Perhaps the best thing about walking from Elterwater to Skelwith Bridge is the adorable Herdwick sheep that wander around, keeping the grass cropped short.
For more information on this enjoyable walk in Cumbria, read our full Elterwater to Skelwith Bridge walking guide.
Loughrigg Fell, Terrace Walk from Rydal
5 km / 3 - 4.5 hours
If you want to enjoy some classic Lake District views without a long slog up a Cumbrian mountain, the Loughrigg Fell walk is for you. It's certainly one of the best walks in the Lake District and has inspired many great writers including Hemmingway, Wordsworth, and Beatrix Potter. From the summit of the fell, you'll have views over Grasmere and Rydal Water, and Loughrigg even counts as a Wainwright, so you'll be able to experience all of the key aspects of a walk in the Lakes.
The fell itself isn't quite tall enough to be called a mountain, but it is perfect for an introduction to hill walking. The route is only around 3 miles long, making it an enjoyable afternoon ramble, with time for afternoon tea in one of the many cafes in nearby towns Grasmere or Ambleside.
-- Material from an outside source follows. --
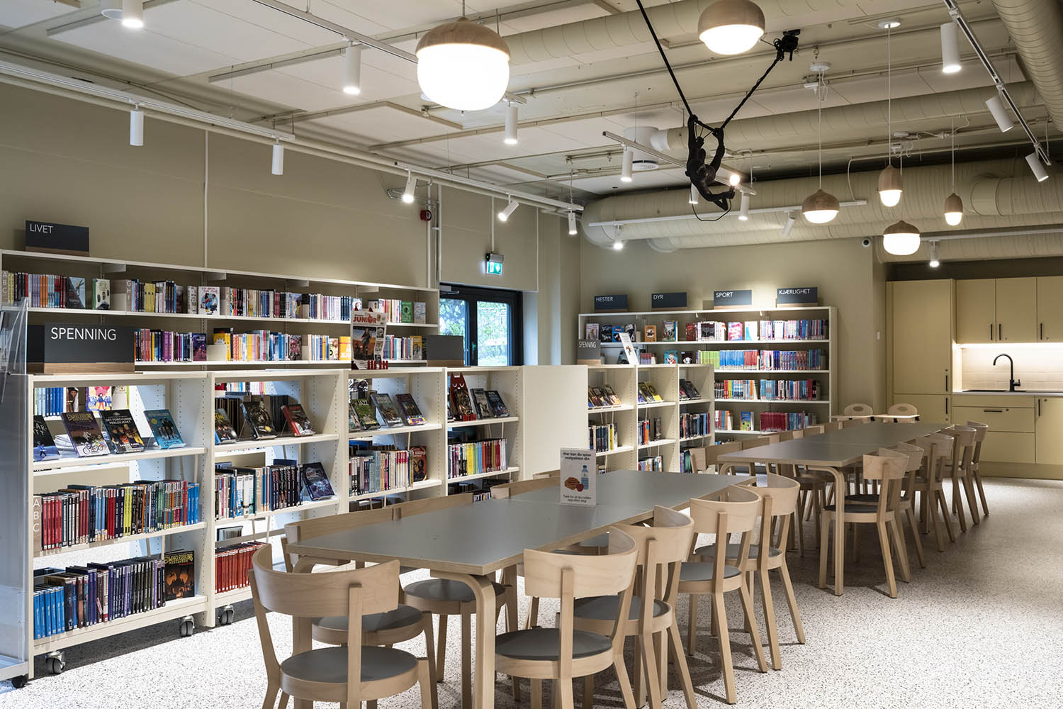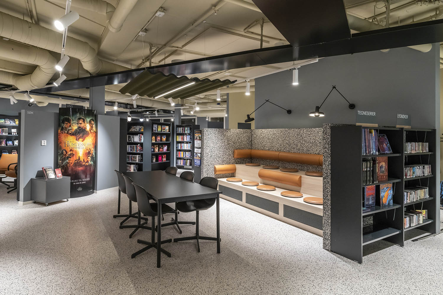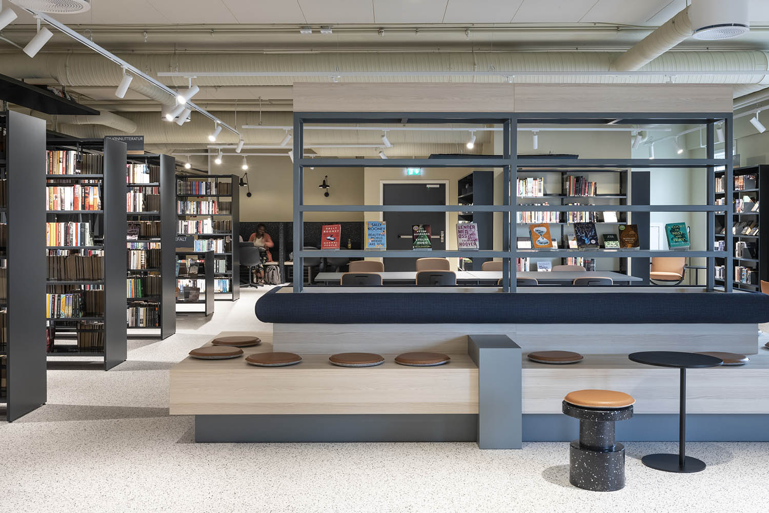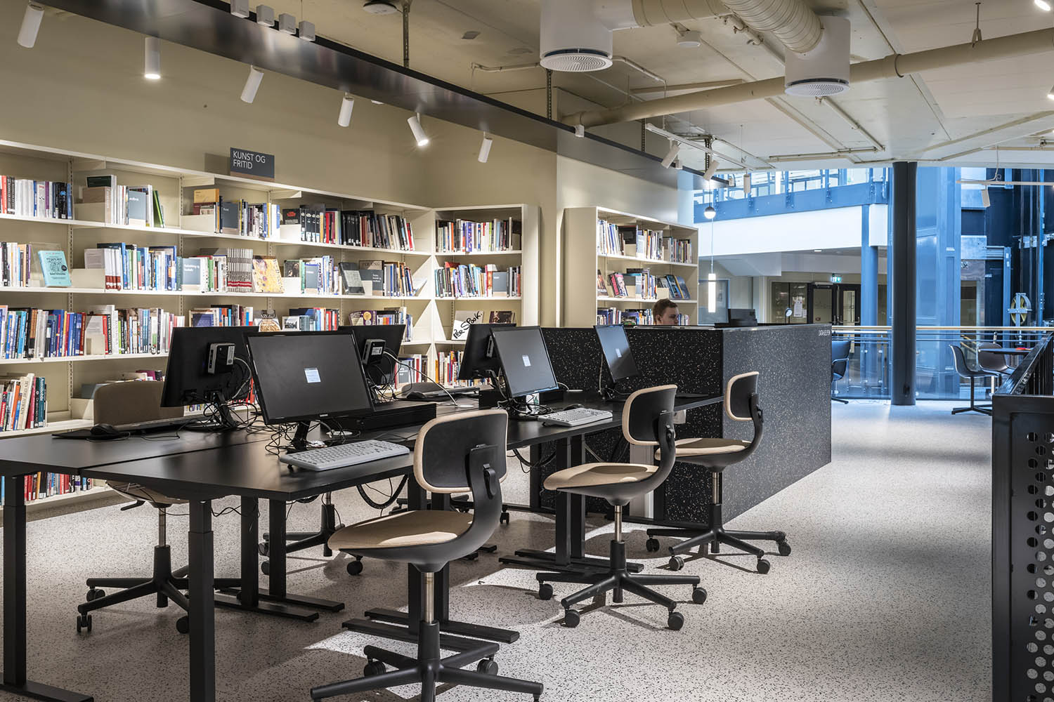 Generellt är biblioteket inrett med hyllor i både ljusa och mörka färger som kompletterar varandra och tillsammans med resten av möblerna skapar en inbjudande och mysig stämning med plats för alla besökare.

For a detailed description of this beautiful route, read our full walking guide to Loughrigg Fell, the Terrace Walk From Rydal.
6 km / 2 hours
Another classic route to follow when walking in the Lake District, this walk around Grasmere lake will feel simply magical. With ducks to feed and stones to skip across the water, your little ones will love this gentle stroll. The village of Grasmere is just a mile away from the shore, so you can head to the high street after your walk and buy some refreshments in the form of the famous Grasmere gingerbread.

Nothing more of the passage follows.